> Work instructions
Among the lines below, keep only those from the one containing "Zoflora 3 in" through the one containing "Bronzion Deco Font", and reproduce them exactly.

(Items listed in a dataset)

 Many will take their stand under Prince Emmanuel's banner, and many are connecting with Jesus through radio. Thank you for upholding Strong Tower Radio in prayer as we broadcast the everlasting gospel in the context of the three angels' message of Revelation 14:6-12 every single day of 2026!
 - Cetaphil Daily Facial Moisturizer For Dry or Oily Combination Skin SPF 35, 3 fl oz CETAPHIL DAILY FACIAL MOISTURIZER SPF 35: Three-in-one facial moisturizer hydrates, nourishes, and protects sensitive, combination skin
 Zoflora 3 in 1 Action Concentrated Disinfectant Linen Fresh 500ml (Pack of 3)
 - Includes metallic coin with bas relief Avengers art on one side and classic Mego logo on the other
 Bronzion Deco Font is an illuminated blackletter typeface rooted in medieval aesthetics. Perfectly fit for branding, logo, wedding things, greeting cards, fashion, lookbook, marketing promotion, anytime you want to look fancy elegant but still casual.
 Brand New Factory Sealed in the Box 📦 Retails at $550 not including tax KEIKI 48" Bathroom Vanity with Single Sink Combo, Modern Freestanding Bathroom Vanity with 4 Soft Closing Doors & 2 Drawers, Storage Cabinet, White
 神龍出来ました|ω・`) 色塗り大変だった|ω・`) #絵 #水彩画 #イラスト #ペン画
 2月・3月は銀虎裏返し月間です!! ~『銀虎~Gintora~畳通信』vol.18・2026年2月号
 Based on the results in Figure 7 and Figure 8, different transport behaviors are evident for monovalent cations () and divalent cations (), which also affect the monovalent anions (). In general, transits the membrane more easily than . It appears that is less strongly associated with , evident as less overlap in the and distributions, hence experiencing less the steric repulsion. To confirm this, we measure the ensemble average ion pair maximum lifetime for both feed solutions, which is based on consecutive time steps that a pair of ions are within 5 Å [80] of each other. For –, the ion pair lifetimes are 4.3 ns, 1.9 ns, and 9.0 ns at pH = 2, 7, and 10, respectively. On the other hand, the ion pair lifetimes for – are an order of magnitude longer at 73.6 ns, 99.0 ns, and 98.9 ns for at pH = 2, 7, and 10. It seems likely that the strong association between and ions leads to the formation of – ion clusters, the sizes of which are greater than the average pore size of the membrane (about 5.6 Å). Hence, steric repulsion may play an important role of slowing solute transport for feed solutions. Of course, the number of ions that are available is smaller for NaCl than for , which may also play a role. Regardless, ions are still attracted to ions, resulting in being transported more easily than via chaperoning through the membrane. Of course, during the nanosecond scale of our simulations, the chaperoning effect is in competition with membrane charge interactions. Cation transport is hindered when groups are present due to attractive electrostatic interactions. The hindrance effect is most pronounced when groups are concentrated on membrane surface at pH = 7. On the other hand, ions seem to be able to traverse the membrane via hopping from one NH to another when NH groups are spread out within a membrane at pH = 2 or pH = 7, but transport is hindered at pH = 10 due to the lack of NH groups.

> Answer box
 Zoflora 3 in 1 Action Concentrated Disinfectant Linen Fresh 500ml (Pack of 3)
 - Includes metallic coin with bas relief Avengers art on one side and classic Mego logo on the other
 Bronzion Deco Font is an illuminated blackletter typeface rooted in medieval aesthetics. Perfectly fit for branding, logo, wedding things, greeting cards, fashion, lookbook, marketing promotion, anytime you want to look fancy elegant but still casual.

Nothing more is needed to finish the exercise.